Наш подвал был очень взволнован этой свадьбой. Катя Васильева перед самым Светкиным отъездом побежала на базар, чтобы у замерзших азербайджанцев купить цветы. Тогда это был жуткий дефицит. А какая свадьба без цветов? Но надо было найти цветы, которые не сдохнут до Магадана. Катя долго искала. Когда же она рассказала азербайджанцам, по какому случаю и для каких специфических молодоженов эти цветы, кто-то из продавцов обежал всех своих коллег, еще раз пересказал эту историю, и они, с миру по нитке, отобрали пять самых лучших гвоздичек со всего базара. И даже сами упаковали. И всю дорогу Светка везла эти цветочки: в самолете, лежа в автобусе на полу, на своих кутулях. И довезла! Хотите — верьте, хотите — нет, но эти гвоздики простояли у ребят все три дня и сдохли только в последний день. И это не миф. Это выглядит невероятно. Как сказка. Но это было именно так.
Гета. Поженились они 25 декабря, в Рождество. Она пробыла у него три дня. Расставаясь, договорились, что он перебросит ей через забор тетрадку со своими жалобами, чтобы направить их потом прокурору. Светка облазила тогда все сугробы, но так ничего и не нашла. Меня это потрясло. Значит, письма, в щели вагонов на пути выброшенные, доходят. Кто-то их подбирает, читает, а из дома потом посылает. Может быть, даже сами охранники?
Мы с с моей подругой Зигридой Цехновицер ходили в Большой дом на Литейном на прием. “А кто он вам?” — спросили нас. — “Друг”. — “Плохо друзей выбираете”.
Как же я боялась заходить в пустой подъезд Л.В., матери Азадовского! У меня затылок начинал болеть от страха.
— Как себя уговаривали?
— А никак, выхода не было. Когда мы пошли с Камой в 1991 году к Белому дому, мне тоже было страшно. Я же не считала происходящее комедией? Но я понимала, что нельзя так больше. Просто невозможно. И в истории с Костей я понимала, что у него мама больная, старенькая, и ей надо помогать. Я понимала, что, если не я, то кто-то другой обязательно найдется, мое место пустым не будет. Но, если я этого не сделаю, то я ж себя тогда уважать не буду. Как-то стыдно будет… (сняв пафос) себе в глаза смотреть (смеется). Чтобы совсем уж не обессмыслить свою жизнь и не превратить ее в пошловатый сюжет…

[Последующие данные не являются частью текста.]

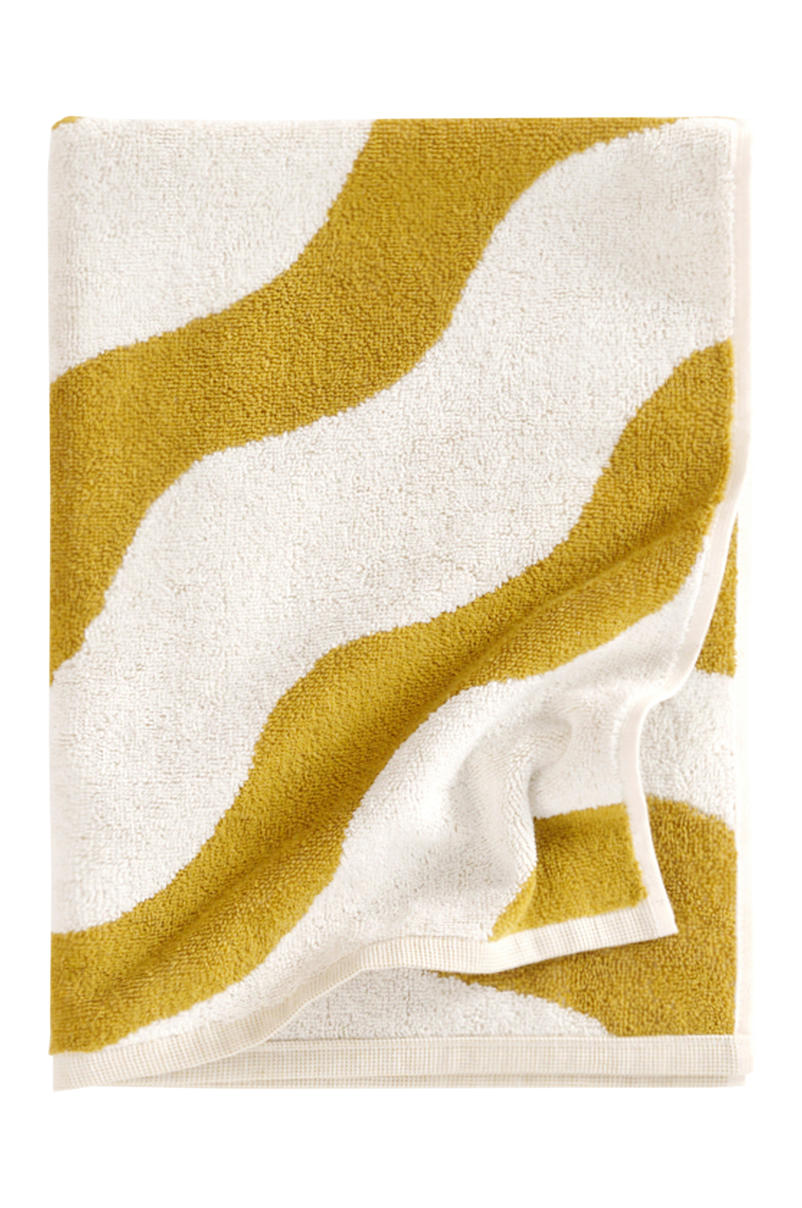 Blødt bomuldshåndklæde med et dynamisk bølgemønster. Den dobbelte garnkonstruktion øger sugeevnen og komforten. Håndklædet er indfarvet, så det holder længe, og det kombinerer praktisk anvendelighed med moderne design og tilfører ethvert badeværelse moderne flair.

За дверью кабинета главного режиссера Московского ТЮЗа стало тихо. Видимо начался спектакль.
Вся эта история длилась два года без одного дня. Я это хорошо помню, потому что день Костиного освобождения пришелся на воскресенье. А это выходной. Но дольше срока держать человека в тюрьме нельзя, поэтому по нормам Костю освободили на день раньше. Вот такой у нас был гуманный закон…

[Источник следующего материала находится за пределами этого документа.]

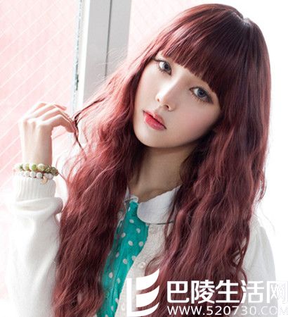第二种要为大家介绍芭比烫。要想像芭比娃娃一样可爱或是优雅动人,那么你可以考虑去烫个芭比烫哟!所谓芭比烫,是用细密的发卷烫出来的,顾名思义,烫后的效果很像芭比娃娃。短的芭比烫头看起来活泼可爱,而长的芭比烫头看起来就像芭比娃娃那样多了几分成熟优雅。不过呢,如果你像上图的妹子那样将头发染成酒红色,再搭配上减龄神器齐刘海,那么看起来萌感可是要大于成熟感呢!另外,深棕色芭比烫、浅金色芭比烫在小编看来也是不错的!不过类似于浅金色那样的发色,小编还是建议白皮的妹子去尝试呢。

— Для вас с Азадовским эта история с тех пор — закрытая тема?
— Иногда вспоминаем при встрече. Но видимся редко.
Когда тонешь, надо дойти до дна
16 июля 2007 года. На даче
Кама. 1970-е годы были чудовищным временем для людей, которые занимались искусством, т.е. работали в сфере идеологии. Особенно для евреев. Вдруг в Стране Советов обнаружились валютчики, и в большом количестве. Их арестовывали, и все они на поверку оказывались евреями. О них писали газеты, их показывали по телевизору, подчеркивая их еврейское происхождение через чудовищную манеру говорить. Как-то показали какую-то местечковую тетку из Одессы, спекулянтку, в ее истинно еврейском холерическом состоянии. К тому же она чудовищно неграмотно говорила по-русски. Т.е. якобы оскорбляла нас, русских, своей отвратительной русской речью. Дураку становилось понятно, почему страна такая бедная. Потому что “жиды обворовывают советский народ”.

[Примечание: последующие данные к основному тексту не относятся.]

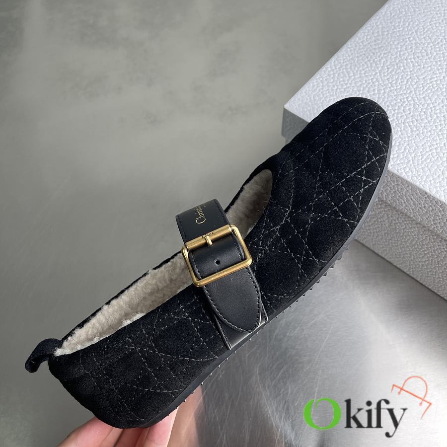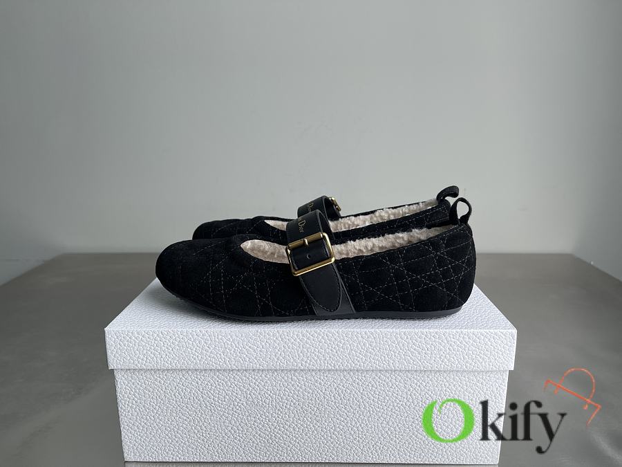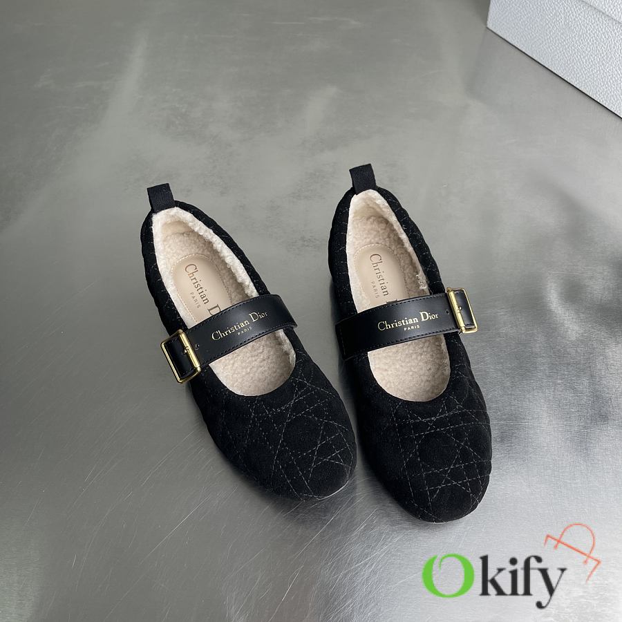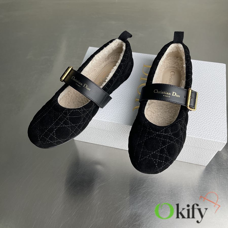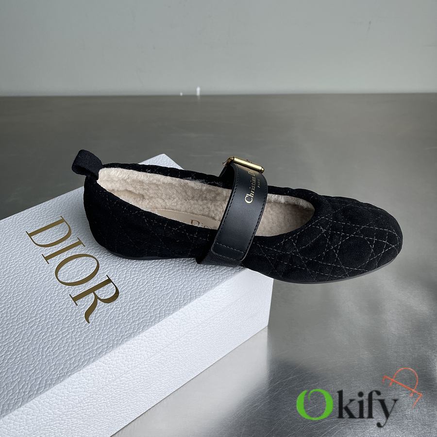 Okify Dior Dioralps Frost Black Suede Ballet Shoes

Мы были безработными, у нас не было сбережений, мы были евреями. И в один прекрасный день мы решили, что, наверное, надо уезжать. Мы даже задумались над тем, как это сделать. В частности, накупили каких-то дурацких самоучителей и стали учить английский язык. С трудом и бессмысленно. До этого мы не раз обсуждали это с близкими друзьями, уезжающими кто в Германию, кто в Америку, кто в Австралию.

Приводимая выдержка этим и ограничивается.